Unser neuer Trainer Vogel war es, der das Präsidium aus mancherlei Illusion riß und die Augen fürs Machbare öffnete. Der Sportlehrer von drüben, ehemals DDR-Nationalspieler, war mit von namhaften westdeutschen Trainern warm empfohlen worden. Das sei kein Hauruck-Typ, der eine Mannschaft zu einem schnellen, aber nur einmaligen Erfolg nach oben reißt, sondern ein besonderer Fußballpädagoge mit Langzeitqualitäten. Ein idealer Trainer, um mit jungen Spielern eine erstklassige Mannschaft zu formen.

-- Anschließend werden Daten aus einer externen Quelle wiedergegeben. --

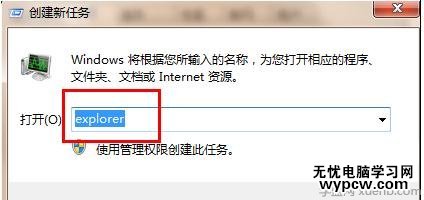 3、在彈出的新建任務窗口里輸入“explorer”,點擊確定就可以重新打開資源管理器重建緩存。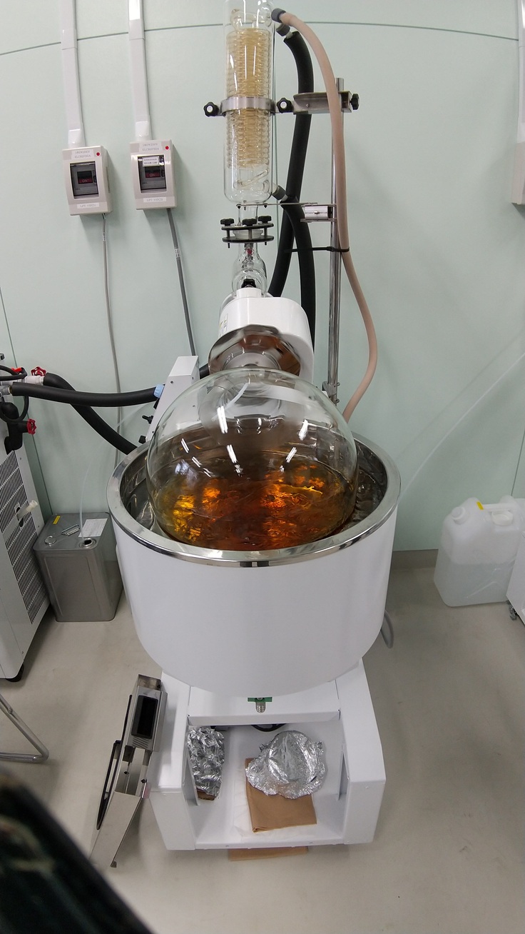 スーパービタミンEの製造中です。取り出したスーパービタミンEの写真(丸いガラスの中に入ったオレンジ色の液体)です。

Zum Jubiläumsjahr 1996, dem 100. Geburtstag des Vereins, war der Aufstieg geplant. Ganz solide sollte die Entwicklung vorangetrieben werden, mit vernünftigen Investitionen für Spieler, die zu unseren jungen Leuten paßten. Ein Aufbau nach Maß, Schritt für Schritt, ohne Vabanquespiel mit teuren Einkäufen. Eine Mannschaft muß Zeit zum Reifen haben, besonders wenn man auf den Nachwuchs setzt. Das war unser Ziel, ein Abenteuer angesichts der Lage im bezahlten Fußball, wo nur rasche Erfolge zählen und bei Mißerfolgen gleich die ganze Konzeption umgeworfen wird. Ich wußte, nur dies ist der einzige Weg für Hannover 96. Mit Trainer Vogel würde sich die Mannschaft langsam, aber stetig in die Lüfte schwingen. Rückschläge, Niederlagen würden unweigerlich kommen, doch wenn das Präsidium auf Kurs bliebe, Mannschaft und Trainer den Rücken stärkte, egal was für ein Geschrei sich draußen erhob, würden wir bis 1996 die Erstklassigkeit schaffen. Diese behutsame, mittelfristige Aufbauarbeit war ein Anschwimmen gegen den Strom. Und sich ahnte wohl, daß man dabei auch untergehen konnte.
Zunächst kam uns das allzu Menschliche ins Gehege. Der Pokalsieg hatte aus einfachen, weiterhin unbekannten hannoverschen Provinzkickern so etwas wie Stars gemacht, umjubelt in jeder Kneipe. Wer hintereinander Karlsruhe, Bremen und Mönchengladbach schlägt, hält sich ebenbürtig mit klingenden Namen. Aus kämpferischen Kameraden entwickelten sich Selbstdarsteller, die sich natürlich allsamt unterbezahlt vorkamen. Ehefrauen, Freundinnen, Verwandte und Bekannte taten das Ihre dazu, die Jungs gingen auf Wolken; ausgerechnet ein Mann namens Vogel mußte sie zur Erde zurückholen.